Drifter Bob said:
Hi, I'm sorry to sound preachy, but you guys should really know this. The various sport fencing swords (epee, foil, and saber) are all essentially developments of the 18th century smallsword, which is very much a lethal weapon.
No. The foil and epee are developments from the 19th-century French
epee du combat (dueling sword), which was significantly longer (4-6 inches) than a typical smallsword.
The foil was specifically and exclusively for teaching. Epees began as fully functional dueling swords, except that a button was run through to stop penetration beyond a half inch. Once in a while, this button could come off during friendly bouts, with tragic results. To prevent this, swords were made with blades that had a
point d'arret--the button was integral with the blade. This "thumbtack point" was then replaced by a three-prong
point d'arret then replaced with a blunt point covered by rubber or a similar substance. From that point, onwards, epees became successively, thinner, lighter, and more flexible.
The sabre had nothing at all to do with the smallsword. In Italy and Hungary (the Austro-Hungarian Empire and its dependents, essentially), it became popular to duel with cutting swords. Since duels were not a matter of charge hard, hack hard, wheel about and do again, dueling sabres became significantly lighter than military sabres. The fencing sabre is an even lighter descendent of the practice versions of this weapon.

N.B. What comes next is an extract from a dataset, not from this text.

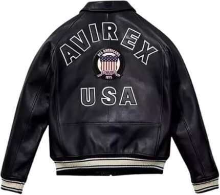 The Cooper Black Leather Varsity Jacket combines genuine leather with rib-knit details, offering a sleek, durable, and timeless sporty look.

Smallswords look nearly identical to an epee or a foil, and are the same size (around 34-36" in total length) except that the blades are stiffer, and of course, pointed.
Smallswords were a few inches shorter--the style of combat was different, too. It's almost nose-to-nose when compared to the later French and Italian schools.

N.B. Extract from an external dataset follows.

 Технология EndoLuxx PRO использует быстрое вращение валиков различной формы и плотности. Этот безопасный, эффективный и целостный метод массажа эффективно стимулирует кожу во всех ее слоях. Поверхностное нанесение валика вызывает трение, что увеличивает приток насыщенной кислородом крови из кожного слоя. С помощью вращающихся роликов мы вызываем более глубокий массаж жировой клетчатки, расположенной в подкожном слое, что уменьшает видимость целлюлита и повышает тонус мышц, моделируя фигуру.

The rapier, by contrast, is a very large weapon, usualy close to four feet long, and fairly heavy. Early transitional rapiers, weapons like sideswords, did have blade presense and could cut effectively.
That depends upon the specific era. Early on, they tended to be shorter, and at the end of the era, they were also shorter. You err in grouping transitional rapiers with the so-called "sidesword" (a horrid neologism that was invented in the past three to five years and never used historically). Transitional rapiers were at the end of the rapier era--they were transiting into smallswords.